Robots.txt and SEO

What is the Robots.txt actually?

Robots.txt is a file that instructs search engine spiders not to crawl certain pages or sections of a website. Most of the major search engines (including Google, Bing, and Yahoo) recognize and observe Robots.txt’s information. This file must be in the main directory of a domain, so it must not be in a subfolder. In addition, the name must be “robots.txt.”

Warning: The robots.txt is not a suitable mechanism to exclude a website from Google. If you want to exclude a Google website, the best thing to do is to use a noindex directive or protect your page with a password!

Why is Robots.txt so important?

Strictly speaking, it isn’t because most websites don’t actually need a robots.txt file. That’s because Google is usually supposed to find and index all of the major pages on a website. Also, search engines will automatically NOT index the pages that are not important or duplicate other pages.

That being said, there are four reasons you might want to use a robots.txt file:

  1. Block Non-Public Pages: Sometimes, you have pages on your website that you don’t want to have crawled.

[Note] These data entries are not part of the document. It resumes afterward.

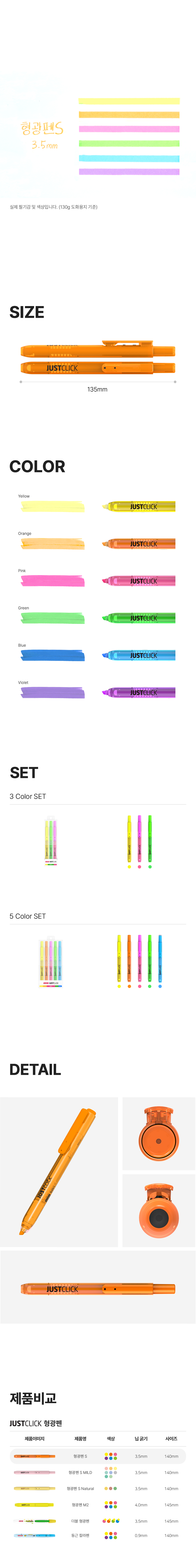 품명 및 모델명 모리스 저스트클릭 노크식 형광펜 S MRH-105
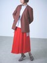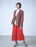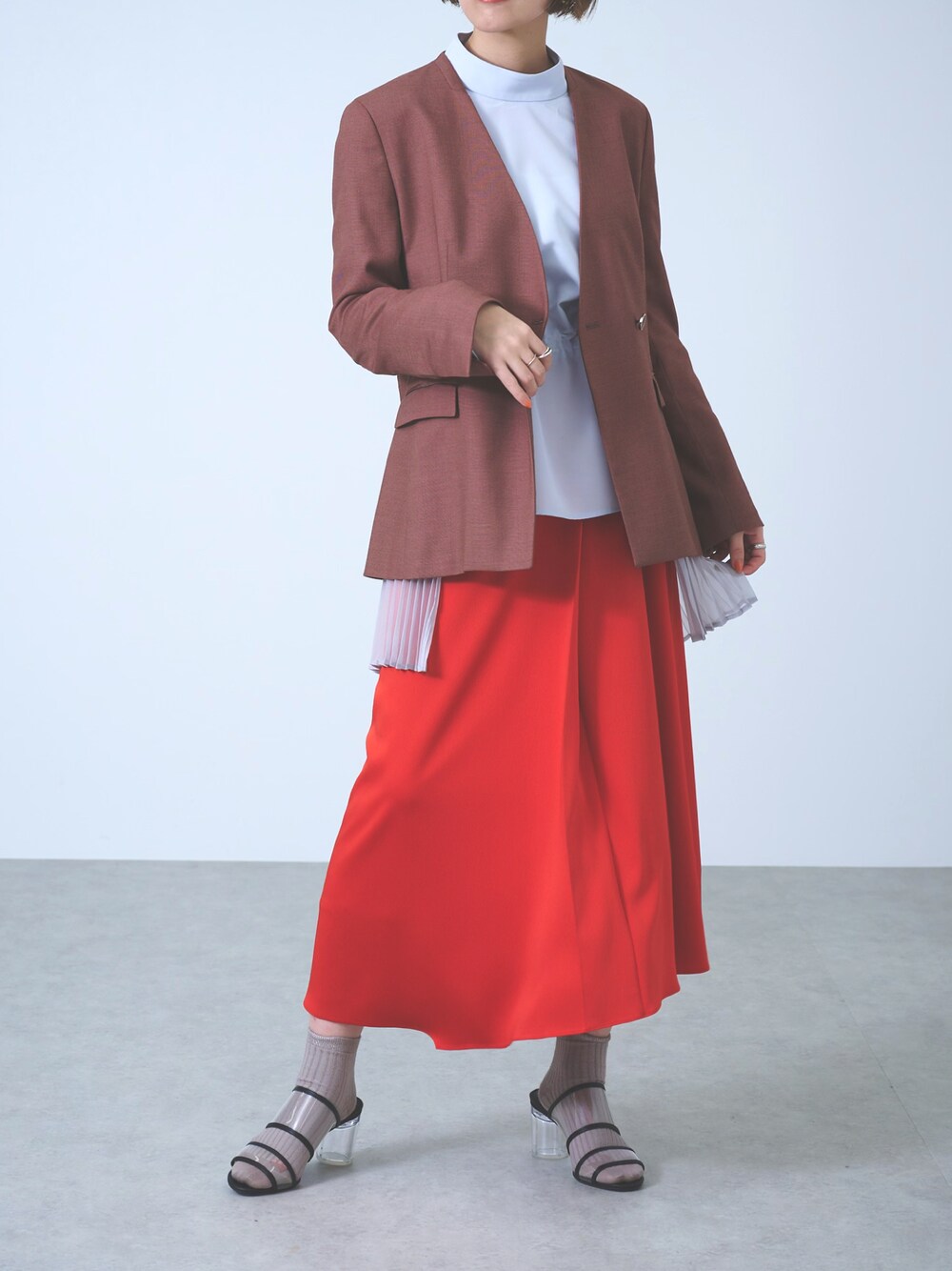 きれい見えするノーカラージャケットは、今年のカラースカートとの組み合わせがオススメです! インナーにスタンドカラーのブラウスを合わせると、ぐっとモードな印象に。 サンダル×靴下の足元で、コンサバになりすぎないジャケットスタイルの完成!
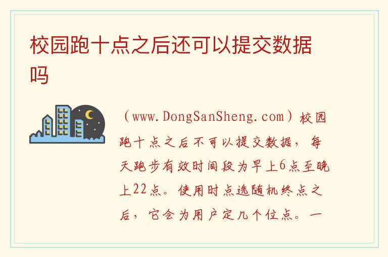 校园跑十点之后不可以提交数据,每天跑步有效时间段为早上6点至晚上22点。使用时点选随机终点之后,它会为用户定几个位点。一个绿色必经位点,必须经过两个蓝色位点。如果定出的位点不是自己想要的,可以退出重新定过。一般在田径场上定位的时候,所有的位点都会在田径场上。此外必须完成所选公里数,经过至少3个感应点位,经过的3个感应点位中至少有1个必经点位,配速在2分钟11秒每公里-10分钟每公里,才会被认定为有效成绩,才可以上传。
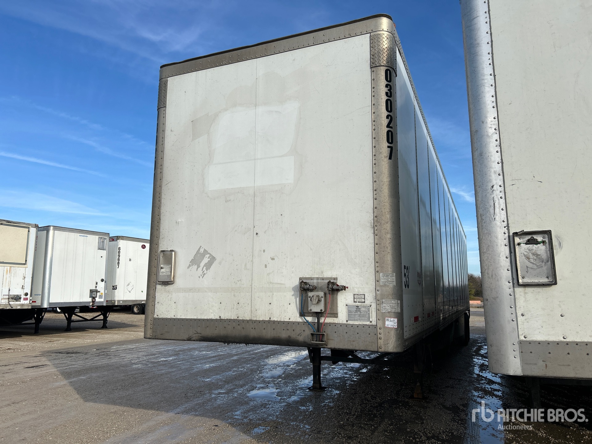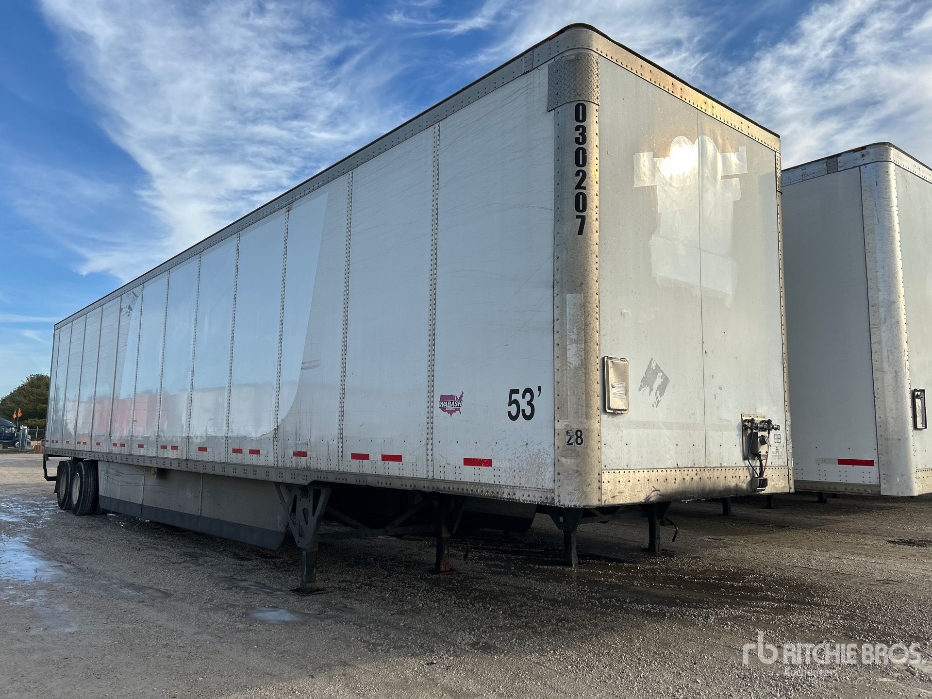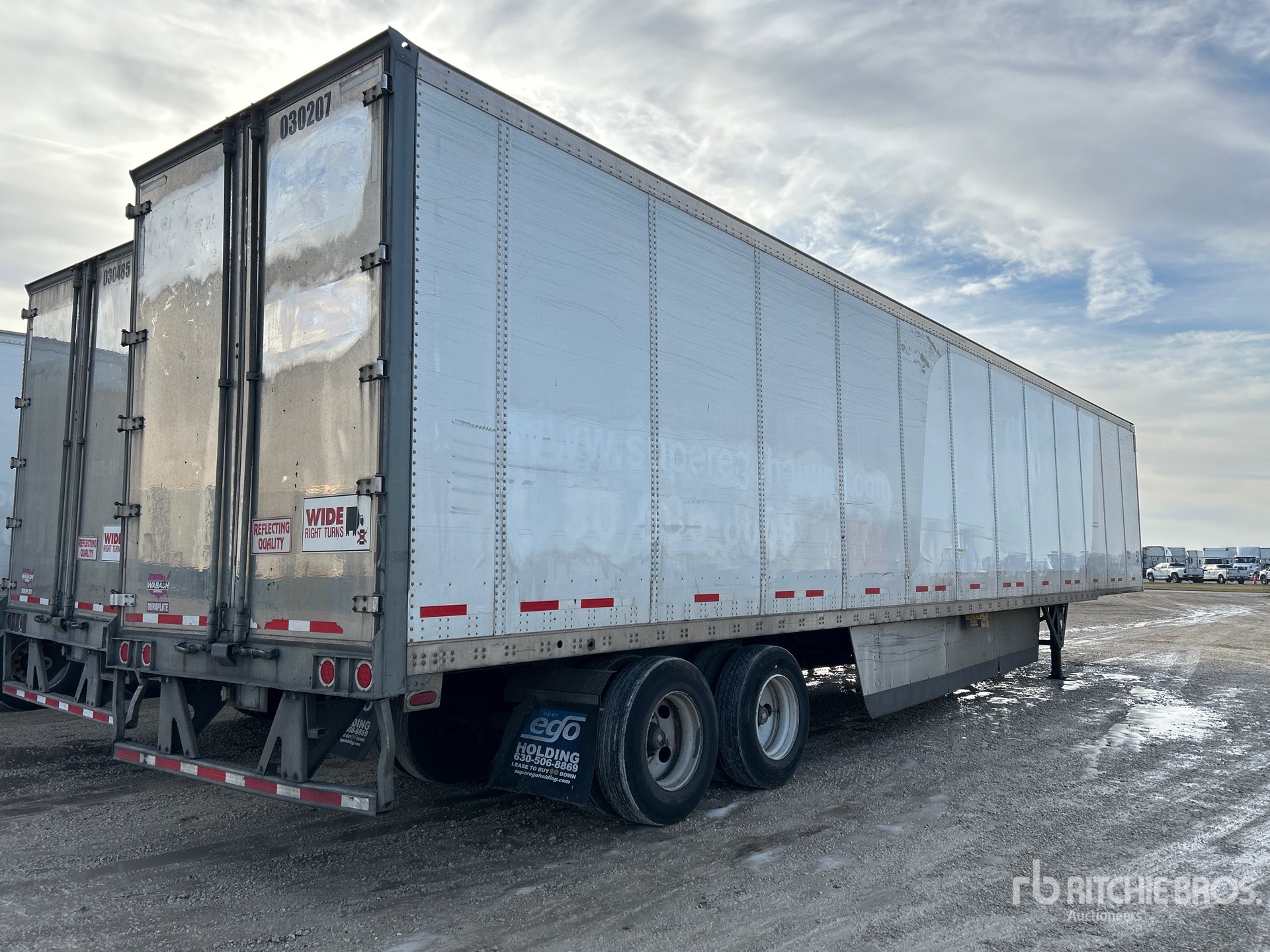 Suspension à ressorts coulissants, jupes latérales, plancher de bois franc, porte battante, pneus 295/75R22.5, PNBV de 68 000 lb
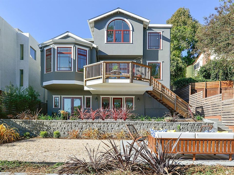 Built in 2016, this new custom home offers luxury, style, custom features all in one package. The immaculate gourmet kitchen displays an elegant aesthetic and is any chef's or designer's dream, equipped with modern stainless steel appliances, stone counters, and a breakfast bar. Each bathroom is masterfully designed with tile details and a modern, sleek appeal. The spacious living room has decorative ceiling moldings, hardwood floors, and stunning french doors that open to the balcony with gorgeous views. Custom deck for easy maintenance. Seamless flow between outdoor and indoor spaces provides ample opportunity to enjoy sunny Berkeley weather. Additional features include the accessory suite with a kitchenette.
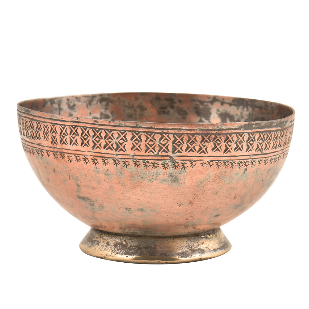 The Hand Engraved Copper Bowl is a Beautifully Unique Piece Complete with a Hammered starry sun Pattern Design. The Perfect Addition to Any Set or Your Home Kitchen Decor. It has islamic patterns on the top rim of the bowl. The perfect addition to any set or your home kitchen decor.
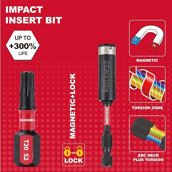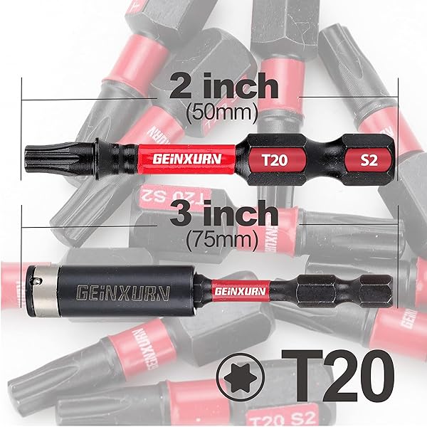 - GEINXURN 50 Pieces T20 2 In. Impact Tough Magnetic #20 Torx Head Power Bits, S2 Alloy Steel T20 Screwdriver Bits Set with 1Pcs Impact Bit Holder offers reliable performance and quality- Impact Screwdriver Bits: 50 Pieces 2 inch #20 Torx Head with 1pieces Magnetic impact bit holder. Impact Shock Absorbent Zone stands up to punishment from high-torque impact driver
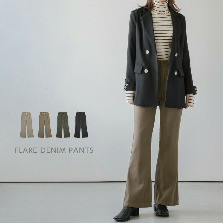 ボトムス パンツ デニム ハイウエスト セミフレア
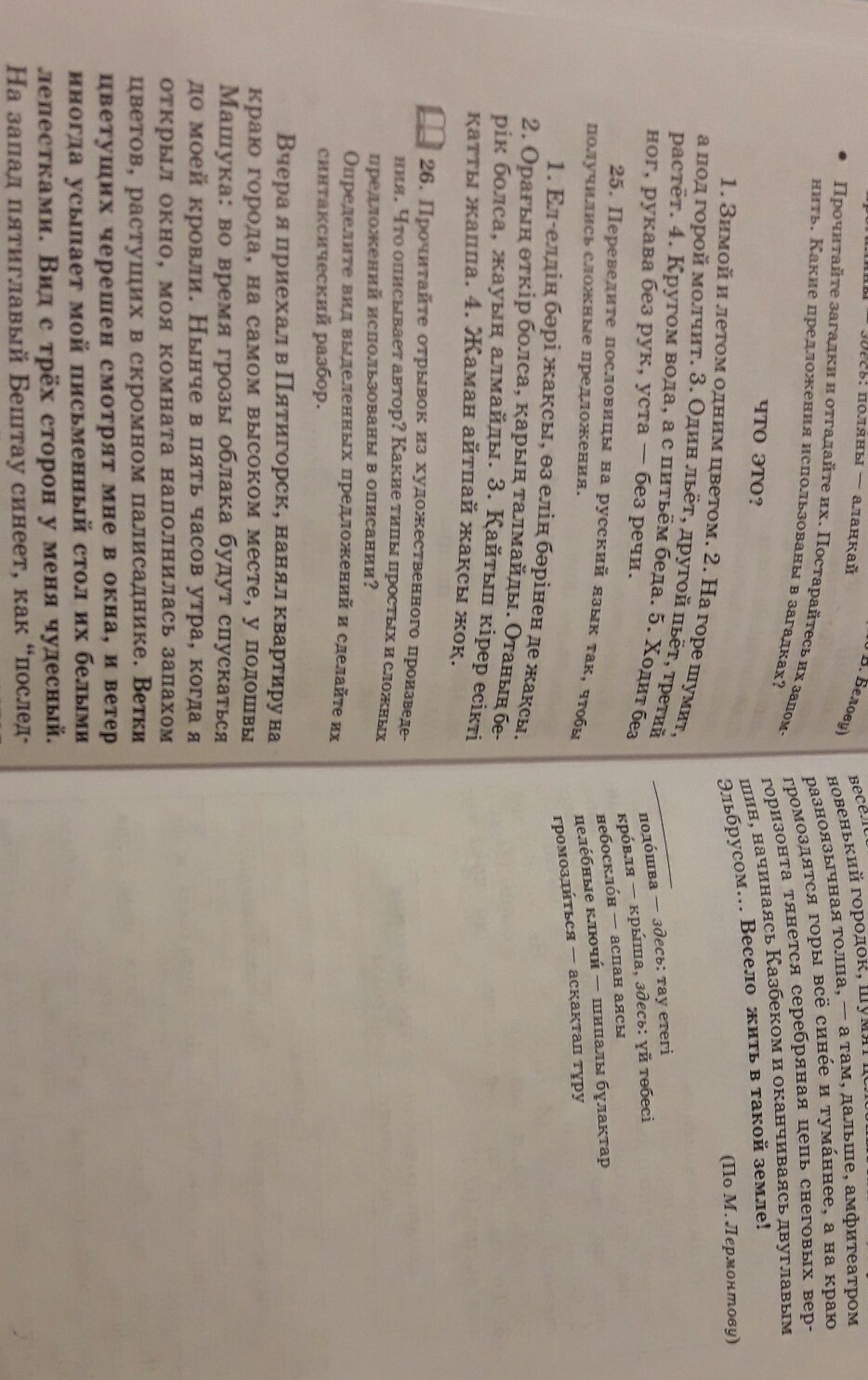 1) Ветки(подлежащее) цветущих(определение) черешен(дополнение) смотрят(сказуемое) мне(дополнение) в окна(обстоятельство),и(союз) ветер(подлежащее) иногда(обстоятельство) усыпает(сказуемое) мой(определение) письменный(определение) стол(дополнение) их(определение) белыми(определение) лепестками(дополнение).Это повест.,невоскл. сложное предложение,состоящее из двух простых двусоставных распространённых предложений.2) Вид(подлежащее) с трёх сторон(обстоятельство) у меня(дополнение) чудесный(определение).Это повест.,невоскл. простое односоставное распространённое предложение.3) Весело(обстоятельство) жить(сказуемое) в такой(определение) земле(обстоятельство)!Это воскл. простое односоставное распространённое предложение.
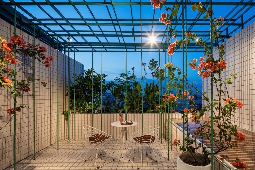 Nhóm thiết kế muốn tạo ra một ngôi nhà được bao quanh bởi những khu vườn nhiệt đới. Kết cấu sàn lửng được sử dụng cho không gian tầng trệt để loại bỏ cột ở vị trí góc cạnh, từ đó tạo sự thông suốt kết nối giữa nhà và sân vườn.

For example, you could have a staging version of a page. Or a login page. These pages have to exist, but you don’t want people or search engine robots to randomly land on them. This is one case where you would use robots.txt to block these pages from search engine crawlers and bots.
  2. Reduce server load: By excluding certain page areas that are not relevant for the search engines anyway, you can reduce the server load by crawlers and save bandwidth as well as costs.
  3. Maximize the Crawl Budget: If you don’t get all the subpages in the index, you probably have a crawl budget problem. By blocking unimportant pages with robots.txt, the Googlebot can spend more of your crawl budget on the pages that are actually important.
  4. Prevent resources from being indexed: Using meta-robots directives actually works better than the instructions in robots.txt to prevent pages from being indexed. However, meta-directives often cannot be used with multimedia resources such as PDFs or images. This is where robots.txt comes into play better.

So: The robots.txt file tells search engine spiders not to crawl certain pages on your website.

Best practice: Create a Robots.txt file

Your first step is to actually create your robots.txt file. Since it is a text file, you can easily create it with a text editor such as Windows Notepad.

And no matter how you ultimately create your robots.txt file, the format is exactly the same:

user-agent: X 

disallow: Y

The user agent is the specific bot that you want to address.

And all that comes after “disallow” is pages or sections that you want to block.

Here is an example:

user-agent: Googlebot 

disallow: / images

This rule would tell Googlebot not to index your website’s images folder.

You can also use an asterisk (*) to speak to any bots that drop by on your website.

Here is an example:

user-agent: *

disallow: / images

The “*” instructs all spiders NOT to search the picture folder.

This is just one of many ways a robots.txt file can be used. In this helpful guide from Google for more information on the different rules, you can use to block or allow bots to crawl different pages on your website

With the robots.txt tester, you can create or edit robots.txt files for your website. It can also be used to check the syntax and the impact on your website.